If you met me without knowing a thing about me you'd never know I'm a composer or a vocalist or a poet or a writer or any type of artist at all. I dress simply. My hair is going grey.  I don't talk about my art to most people that I interact with and my conversation is usually about the other person and their life as, to be honest, there's little art in the known and I know quite a bit about myself.  I'm interested in other.



For most of my life I've considered the outside of my skin to be mostly mirror, but the inside of my skin, that is a whole other story.  The inside of my skin, the thin layer that touches fascia and muscle, the part always unseen and lit only with the body electric that so many have written about over the centuries - this inside has always been a riot of color and pattern and shape and image.  I'm covered on the inside with symbols and charts pointing out navigational routes and weather warnings.  There are instructions in languages that have never been spoken and images of beings that won't ever be seen.
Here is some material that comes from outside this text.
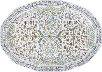 Serve up a hint of romance and whimsy when you set your table with this hearty stoneware platter festooned with a lush, folkloric floral motif inspired by the Spanish countryside.
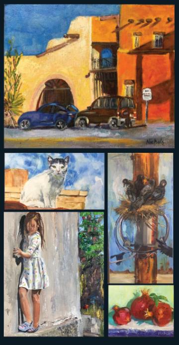 Sharon Holmes is a realism oil painter based in Southern New Mexico. She began painting as a preteen when her brother's arts and crafts instructor offered her the chance to teach some of the craft lessons to the 5-8 year olds in exchange for drawing & painting classes.

There are patterns standing in for ideas, and ideas evoked by placeholder images.

The outside of me moves through the world unnoticed most of the time.  The inside of me presses outward, a constantly shifting landscape of color and pattern in an endless visual discussion.

A few months ago I noticed that come September, a new chapter of my life will be starting.  I'll be living on my own after a few decades of sharing time and daily space with others.  My time will be more flexible and my choices will be based solely on my own wants and needs. So I made a mental note that it might be a good idea to let all the colors and patterns inside me swirl out, drain out, and leave a clean slate behind for the new. 

And so my body decided to take my mind literally and I've spent the last 6 weeks hemorrhaging. We've figured it out now and I'm turned around, heading back towards a more physically balanced body. 

But now all the images and patterns inside my skin are gone. I am clean and clear inside, and have taken to drawing little pictures on my arms and legs to see if they soak in.  I have a blank canvas to work with and am a mix of joyful and hollow. Send light and vibrant color.